HOW TO COMPLETE THIS TASK: Transcribe the full listing below, word for word, without pictures.

GIVEN MATERIAL:
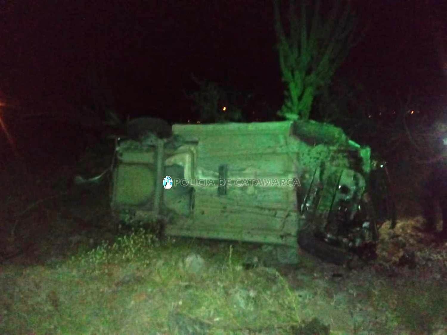 El accidente fue protagonizado por un automóvil Ford Fiesta, dominio PIQ-519, de color gris, al mando de Pablo Sebastián Espoz (34), quien por causas que son materia de investigación, perdió el control del rodado y volcó a un costado de la calzada.
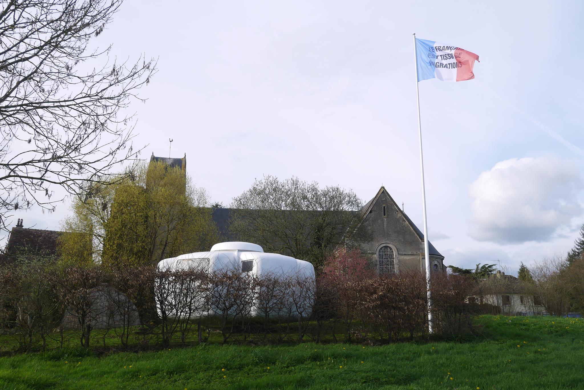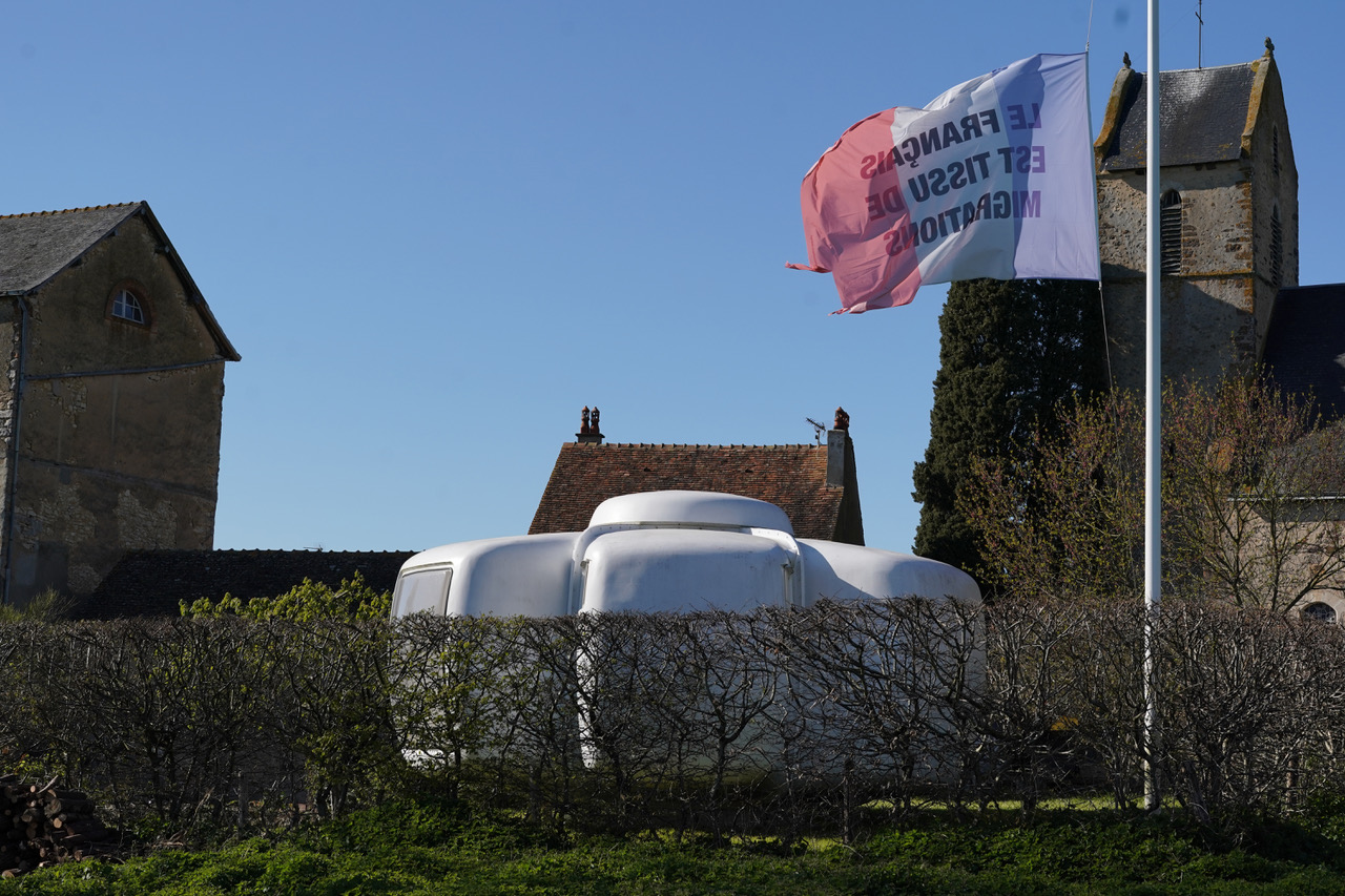 « Pour le drapeau produit à Piacé le Radieux, il s’agit de se demander ce qu’est « le français ». Et le français est tissu, c’est-à-dire qu’il n’est pas seulement « issu », mais aussi comme l’étoffe dont est fait le drapeau. C’est parce qu’au cours des âges, des millions de gens se sont croisés, et autant d’occasions se sont succédées de dire les choses – de les penser, d’entendre quelqu’un dire quelque chose, de ne pas se comprendre, de devoir préciser les choses – que le français en tant que langue, et en tant que lien d’un groupement qui s’appelle la France, s’est constitué. »
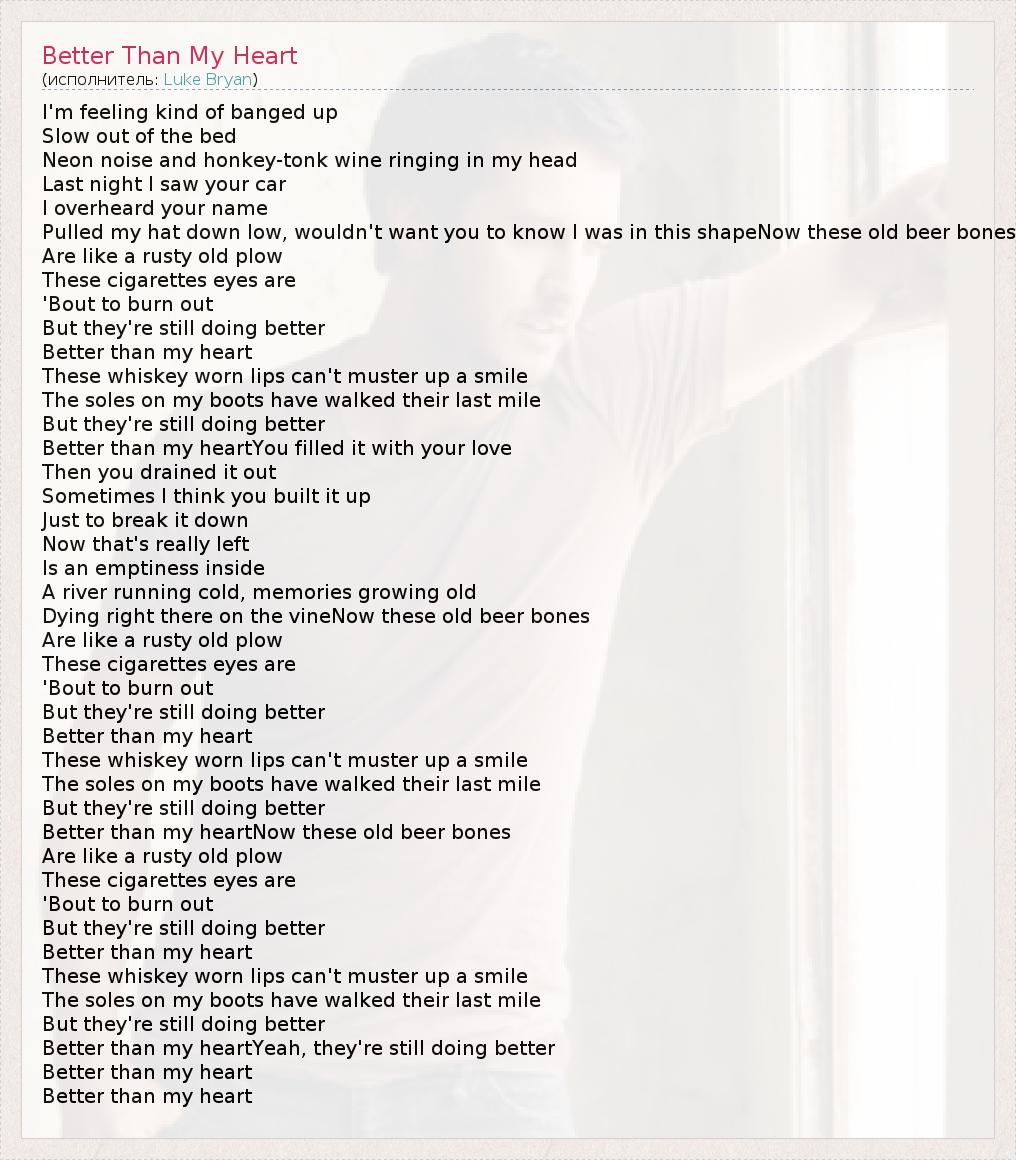 Better than my heartNow these old beer bones

RESULT OF THE TASK:
 El accidente fue protagonizado por un automóvil Ford Fiesta, dominio PIQ-519, de color gris, al mando de Pablo Sebastián Espoz (34), quien por causas que son materia de investigación, perdió el control del rodado y volcó a un costado de la calzada.
 « Pour le drapeau produit à Piacé le Radieux, il s’agit de se demander ce qu’est « le français ». Et le français est tissu, c’est-à-dire qu’il n’est pas seulement « issu », mais aussi comme l’étoffe dont est fait le drapeau. C’est parce qu’au cours des âges, des millions de gens se sont croisés, et autant d’occasions se sont succédées de dire les choses – de les penser, d’entendre quelqu’un dire quelque chose, de ne pas se comprendre, de devoir préciser les choses – que le français en tant que langue, et en tant que lien d’un groupement qui s’appelle la France, s’est constitué. »
 Better than my heartNow these old beer bones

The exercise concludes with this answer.